Lujan v. Nat'l Wildlife Fed’n, 497 U.S. 871, 888 (1990). Therefore, the non-moving party

may not oppose summary judgment simply on the basis of the pleadings, or on conclusory statements that a factual issue exists. Anderson, 477 U.S. at 248. “A party asserting that a

fact cannot be or is genuinely disputed must support the assertion by citing to particular parts of materials in the record . . . or showing that the materials cited do not establish the

absence or presence of a genuine dispute, or that an adverse party cannot produce admissible evidence to support the fact.” FED. R. Civ. P. 56(c)(1)(A)-(B). In evaluating whether summary judgment should be granted, “[t]he court need consider only the cited materials, but it may consider other materials in the record.” Feb. R. Civ. P. 56(c)(3). “Inferences should be drawn in the light most favorable to the non-moving party, and where

the non-moving party's evidence contradicts the movant's, then the non-movant's must be

taken as true.” Big Apple BMW, Inc. v. BMW of N. Am., Inc., 974 F.2d 1358, 1363 (3d Cir. 1992), cert. denied 507 U.S. 912 (1993).
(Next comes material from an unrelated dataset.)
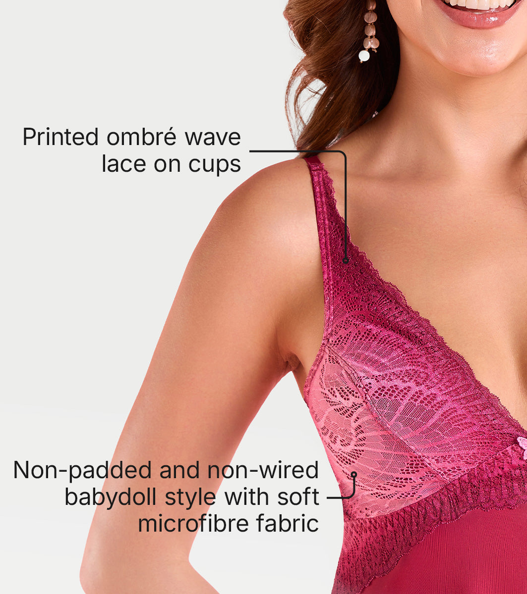 Indulge in effortless elegance with our Lace & Microfibre Babydoll. This non-wired, non-padded style offers a soft, natural fit, while delicate lace cups add a touch of romance. The flowing microfibre bottom drapes beautifully, ensuring comfort and a flattering silhouette. Perfect for a dreamy, lightweight feel with a hint of allure.

However, “facts must be viewed in the light most favorable to the nonmoving party only if there is a ‘genuine’ dispute as to those facts.” Scoft v. Harris, 550 U.S. 372, 380 (2007). if a party has carried its burden under the summary judgment rule, its opponent must do more than simply show that there is some metaphysical doubt as to the material facts. Where the record taken as a whole could not lead a rational trier of fact to find for the nonmoving party, there is no genuine issue for trial. The mere existence of some alleged factual dispute between the parties will not defeat an otherwise properly supported motion for summary judgment; the requirement is that there be no genuine issue of material fact. When opposing parties tell two different stories, one of which is blatantly contradicted by the record, so that no reasonable jury could believe it, a court should not adopt that version of the facts for purposes of ruling on a motion for summary judgment. Id. (internal quotations, citations, and alterations omitted). IV. ANALYSIS 1. Americans with Disabilities Act Claim With respect to Navarro’s ADA claim, the basis for Defendants’ Motion for Summary Judgment is that Plaintiff does not meet the threshold for jurisdiction under the ADA, and thus “subject matter jurisdiction is contested by this Motion.” (Doc. 20, at 4). Under the Americans with Disabilities Act, “the term ‘employer’ means a person engaged in an industry affecting commerce who has fifteen or more employees for each working day in each of twenty or more calendar weeks in the current or preceding calendar year.” 42 U.S.C. § 12101(5)(A).